If we had more MPs — NOT to guard the prisoners — but to train more Iraqis as policemen, wouldn’t that help?
And, I was trying to read between the lines here, but it sounds like the U.S. insists on putting all suspected insurgents in its prisons, rather than putting any in Iraqi-run prisons. And why is that? (Oh, the answers abound.)
Unlimited expansion of the military-industrial police state. With these new and expanded prisons, they will have plenty of room to house the American citizens this administration would like to disappear–and may yet do so.
It’s important, I think, to watch local news all across the country for similar announcements of new or enlarged prison construction. I rather doubt that this gulag is an accidental one but, rather, something that’s part of whatever passes for long-term planning in that crowd.
And, no, I am not wearing a tinfoil hat, thank you.
With the way oil prices are going, they won’t be able to afford to ship U.S. prisoners overseas.
Both the states and the feds built lots of new incarceration facilities in the 90s; though the states are broke, bushgov is still going gangbusters. The followingis a little dated (2003) but I think still valid:
Incidently, it seems that the Bureau of Prisons issues a weekly population report. The current count is 184,652, approximately 10% of whom are in privately managed prisons. Oh, and “Did you know…” asks BOP cheerily, “that 28% of federal inmates are non-US citizens?” (Those folks have a pretty macabre idea of “fun facts”).
“gulag”? Did you say “GULAG”? I have a theory which I think explains why Dick Cheney was so offended over Amesty International’s use of that word. If you’re not curious, you definitely shouldn’t read “Stress Positions” at
Sorry to shout folks but that is the other half of what these criminals are all about. Greed and Power. And there are few tribunals to sort out the innocents from the “terroists” because then they can keep the popuklation numbers up in order to say they need bigger prisons…thus the contracts that will no doubt be another no bid award for Haliburton.
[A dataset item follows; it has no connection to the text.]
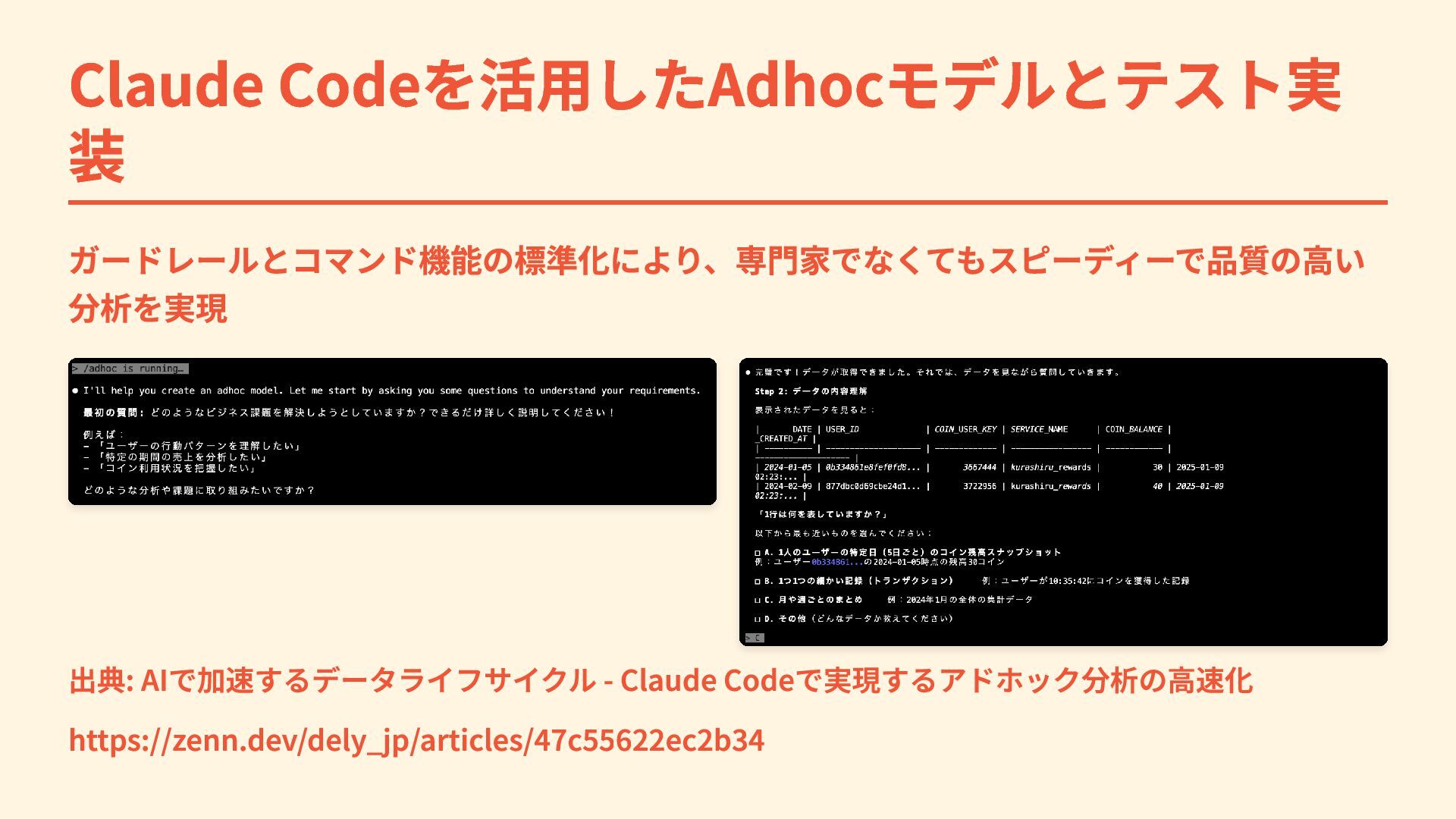 Claude Codeを活用したAdhocモデルとテスト実 装 ガードレールとコマンド機能の標準化により、専門家でなくてもスピーディーで品質の高い 分析を実現 出典: AIで加速するデータライフサイクル - Claude Codeで実現するアドホック分析の高速化

Have they no souls/morals or conscience? God, this makes me sick!
You said it.
QUESTIONS
How familiar are you with the de facto tribunals that are supposedly held within 90 days of a prisoner’s incarceration?
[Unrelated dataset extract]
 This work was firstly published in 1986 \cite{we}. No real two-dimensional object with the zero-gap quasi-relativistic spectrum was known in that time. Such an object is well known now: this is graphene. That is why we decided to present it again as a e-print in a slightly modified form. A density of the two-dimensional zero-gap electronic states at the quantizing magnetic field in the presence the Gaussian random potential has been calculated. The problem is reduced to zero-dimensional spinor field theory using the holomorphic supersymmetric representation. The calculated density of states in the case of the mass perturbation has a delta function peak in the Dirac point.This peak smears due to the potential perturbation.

Do the prisoners have legal counsel? (I know, I know … it’s quaint, but.)
Do they have an opportunity to review all evidence and testimony against them?
Can they bring witnesses in their defense?
Do they have access to any funds towards their defense?
We can’t seem to get water and electricity restored for the people living in Iraq, but you better believe we’re going to get our prisons built!